В мире, откуда пришел Денис, воспринимать что-либо серьёзно считалось «моветоном». Книгу Островского уместно было вспоминать, лишь когда с кем-то приключалась неприятность. Это называлось «Артём устроился в депо» или «Не удалось Артёму устроиться в депо». Кстати, так же неприличным считалось среди российской элиты эпохи Тургенева говорить о духовном и возвышенном. «Аркадий, друг мой, не говори красиво». Она тоже старалась «не говорить красиво», она хотела достойно «быть». Но лучшие слова были опошлены и затасканы то ли сдуру, то ли целенаправленно, а других она не знала.
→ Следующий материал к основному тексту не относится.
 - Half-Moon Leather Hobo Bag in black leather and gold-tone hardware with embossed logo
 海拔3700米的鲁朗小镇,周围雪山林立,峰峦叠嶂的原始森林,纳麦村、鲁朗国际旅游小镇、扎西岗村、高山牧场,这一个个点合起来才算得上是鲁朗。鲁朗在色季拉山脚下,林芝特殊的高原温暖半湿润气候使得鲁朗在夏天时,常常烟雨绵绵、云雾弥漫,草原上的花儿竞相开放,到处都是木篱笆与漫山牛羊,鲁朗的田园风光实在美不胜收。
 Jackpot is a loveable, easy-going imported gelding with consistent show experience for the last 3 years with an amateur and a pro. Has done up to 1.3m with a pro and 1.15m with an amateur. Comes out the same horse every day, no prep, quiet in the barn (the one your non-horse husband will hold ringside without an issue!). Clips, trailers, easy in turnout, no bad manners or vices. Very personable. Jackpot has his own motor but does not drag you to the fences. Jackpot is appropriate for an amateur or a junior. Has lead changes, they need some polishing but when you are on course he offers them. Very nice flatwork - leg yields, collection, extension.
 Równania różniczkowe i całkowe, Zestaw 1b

Потому и было ей так трудно оживлять своих джиннов, хоть и считалась она специалистом по проблемам общественным и духовно-нравственным. И презрение к материальным благам было в ее глазах необходимым атрибутом всякой достойной жизни, и если она ещё не спала на гвоздях, то просто потому, что не знала, как их вбить в пружинный матрац.
— Завод как завод, клуб как клуб, массы как массы, — пожмёт Павлин несколько разочарованно рыжими замшевыми плечами, подытоживая впечатление от «Маяка», — Всё зависит от сценария. Должна быть нетленка. Чтоб худсовет принял на ура. Они обожают нетленки. Дерзнёшь?
— Я?!
Павлин уморительной своей гримасой передразнит её испуг.
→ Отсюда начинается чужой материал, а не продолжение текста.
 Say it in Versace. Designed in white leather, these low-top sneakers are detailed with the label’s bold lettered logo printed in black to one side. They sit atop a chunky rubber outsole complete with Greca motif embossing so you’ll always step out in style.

— Пиши себе рассказ, только всю дорогу держи перед глазами изображение.
Помнишь?
— Кавказ подо мною, один в вышине… — тут тебе и орёл парит, и потоков рожденье, и обвалов движенье, и тучи, и утёсы, мох тощий, кустарник сухой…
«— А там уже рожи, зелёные сени, где птицы щебечут, где скачут олени», — подхватывает Яна, — До чего здорово!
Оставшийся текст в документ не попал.